• YOUR ASSIGNMENT:
With the pictures left out, print exactly the lines below that run from the one containing "Karla is a 4-year-old" through the one containing "Versace Eau Fraiche".

• TASK DATA:
______________________________
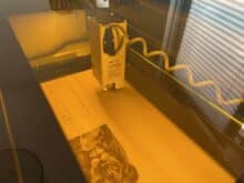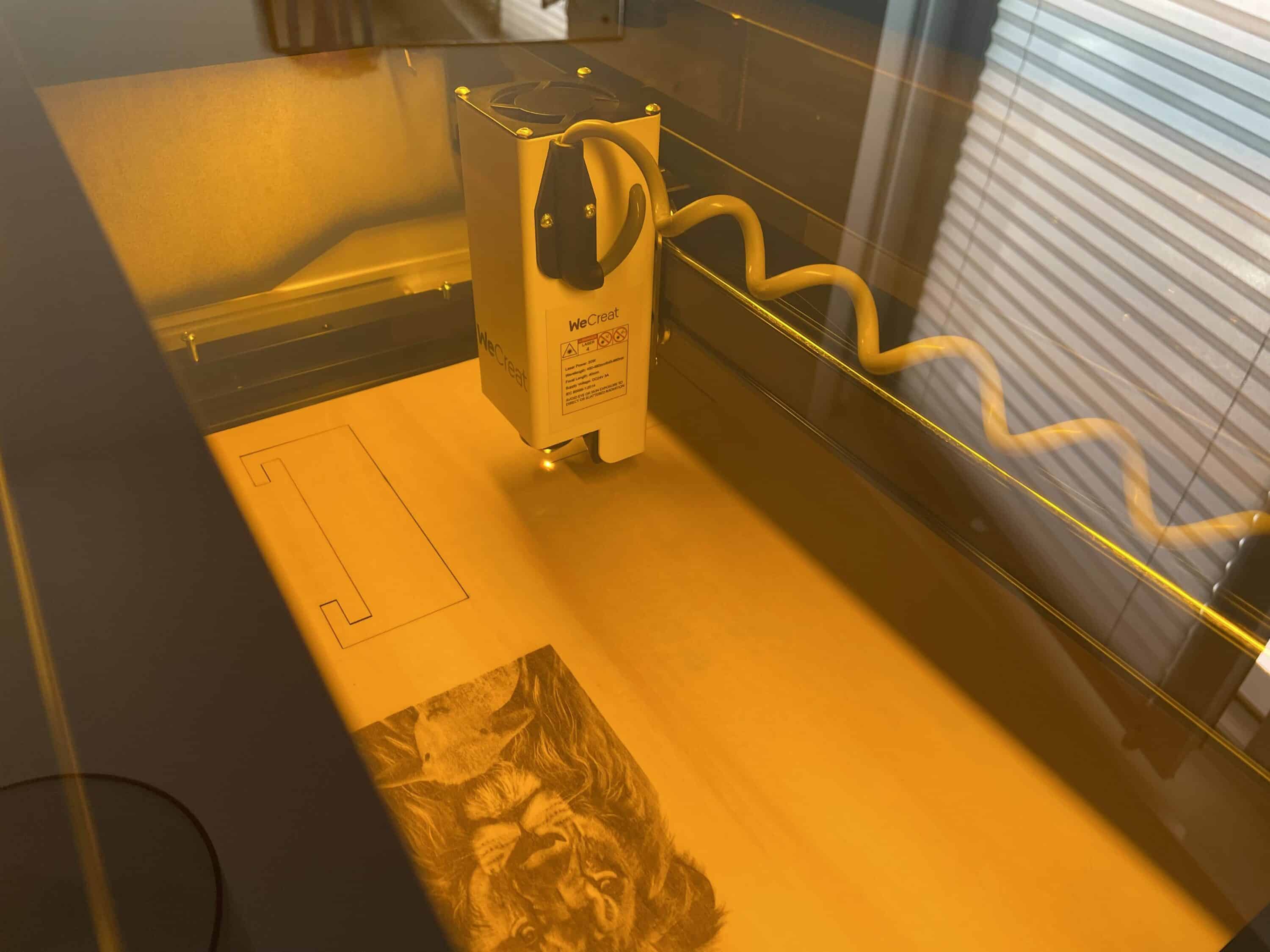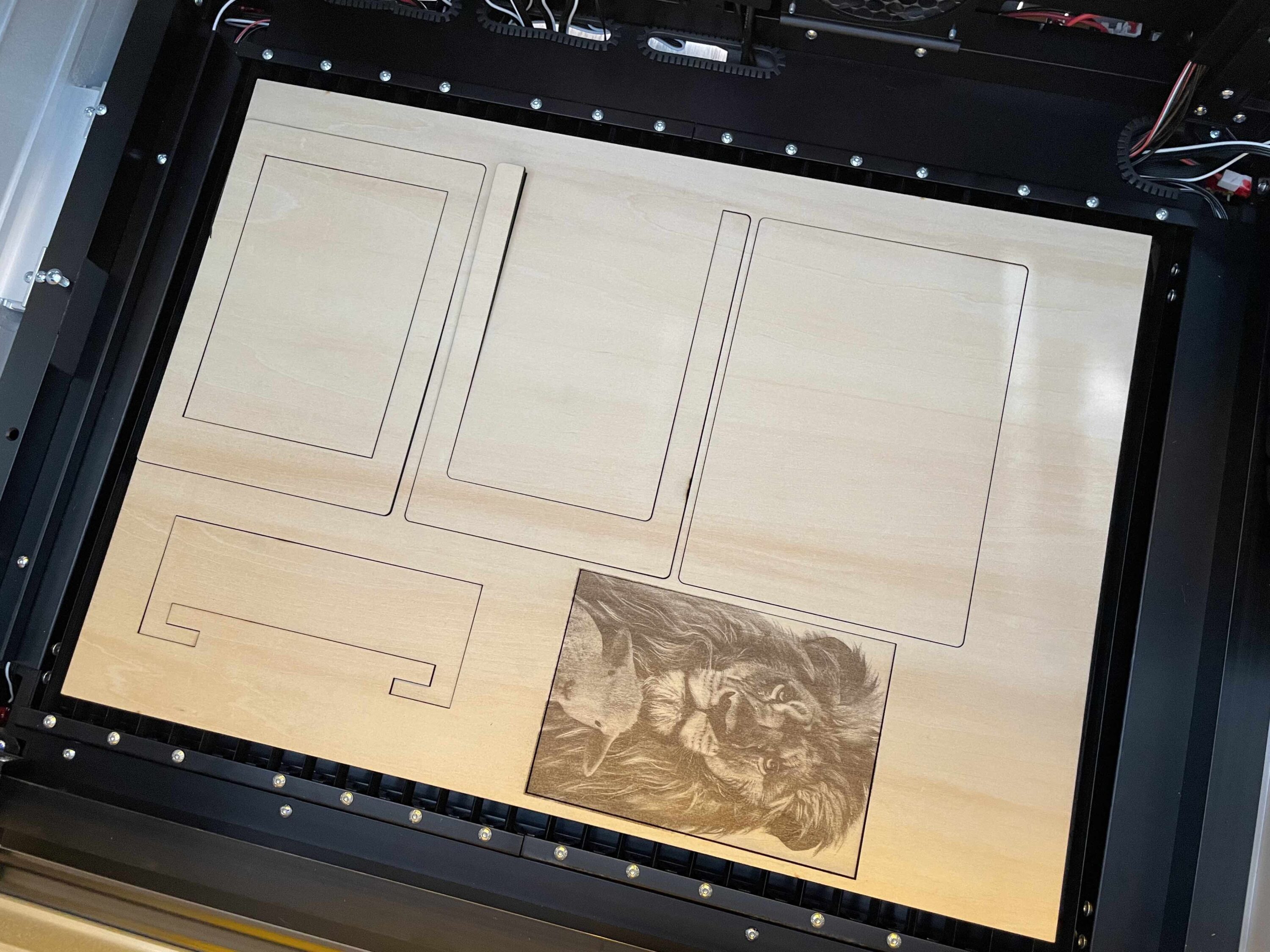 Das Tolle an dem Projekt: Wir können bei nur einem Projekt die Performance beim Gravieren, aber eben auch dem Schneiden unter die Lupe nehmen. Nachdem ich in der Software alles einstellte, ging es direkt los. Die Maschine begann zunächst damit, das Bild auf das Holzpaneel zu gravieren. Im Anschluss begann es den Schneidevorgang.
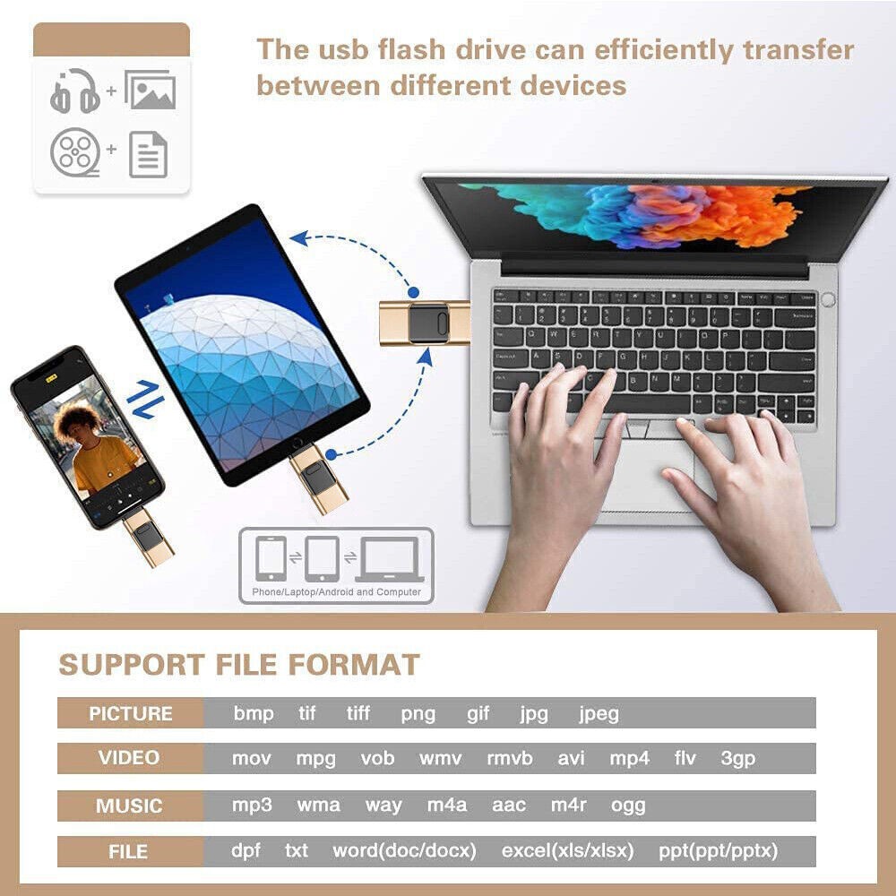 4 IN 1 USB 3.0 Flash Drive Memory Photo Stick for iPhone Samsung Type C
______________________________
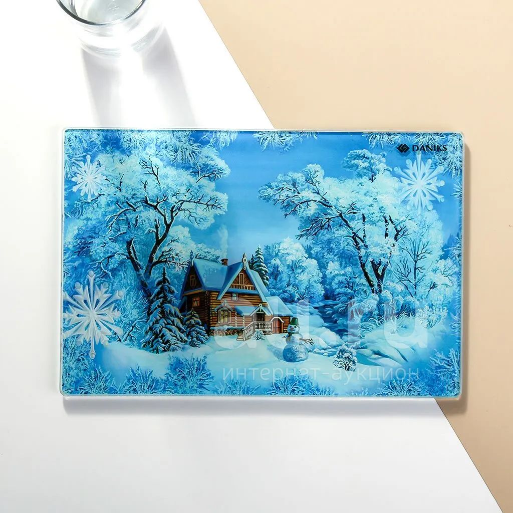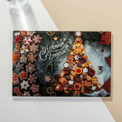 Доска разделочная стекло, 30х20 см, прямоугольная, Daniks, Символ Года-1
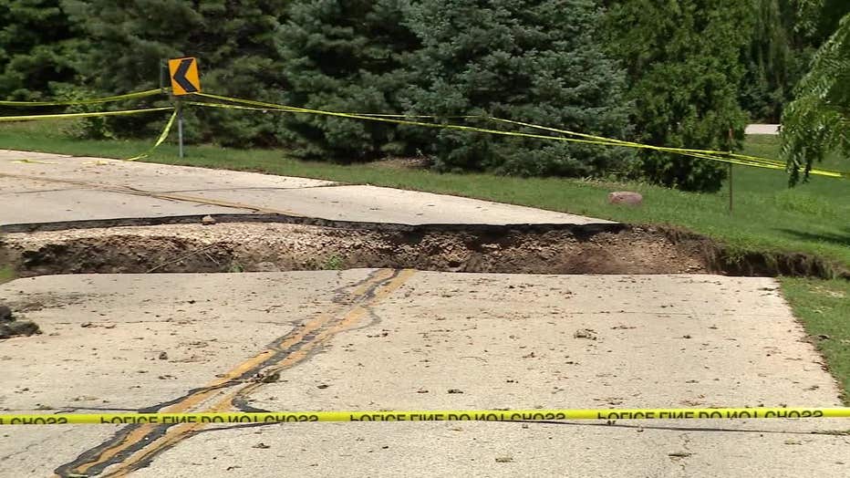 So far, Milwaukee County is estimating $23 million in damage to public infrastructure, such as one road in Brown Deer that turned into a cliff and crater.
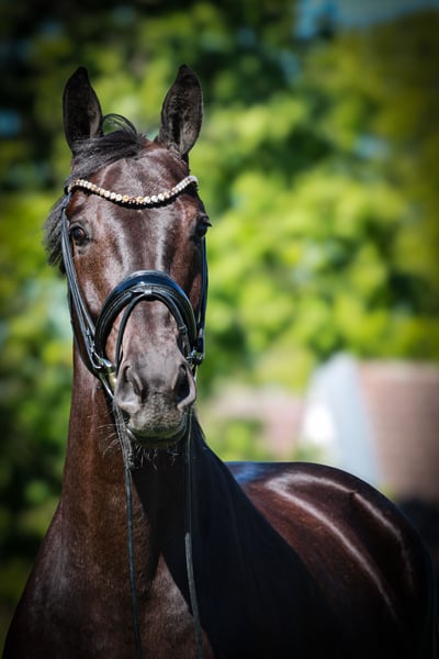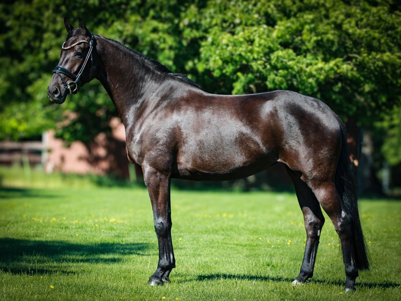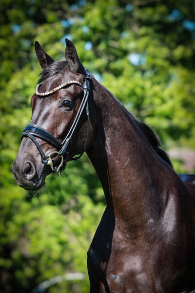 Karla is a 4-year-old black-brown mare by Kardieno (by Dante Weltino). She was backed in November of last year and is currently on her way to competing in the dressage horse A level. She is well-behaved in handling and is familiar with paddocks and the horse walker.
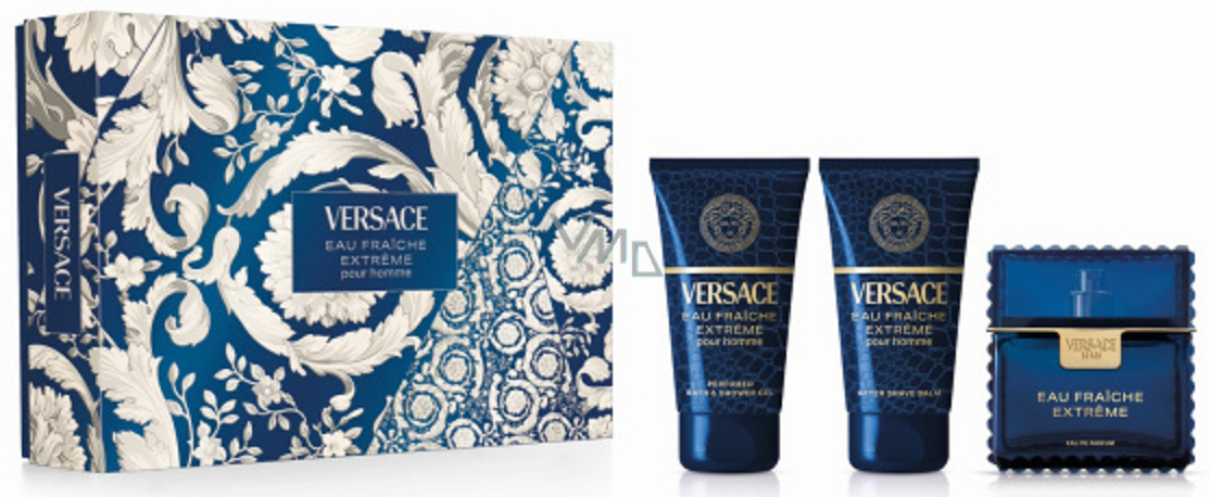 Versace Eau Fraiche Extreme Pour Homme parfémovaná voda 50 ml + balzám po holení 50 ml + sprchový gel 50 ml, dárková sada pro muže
______________________________
• FINISHED TASK:
 Karla is a 4-year-old black-brown mare by Kardieno (by Dante Weltino). She was backed in November of last year and is currently on her way to competing in the dressage horse A level. She is well-behaved in handling and is familiar with paddocks and the horse walker.
 Versace Eau Fraiche Extreme Pour Homme parfémovaná voda 50 ml + balzám po holení 50 ml + sprchový gel 50 ml, dárková sada pro muže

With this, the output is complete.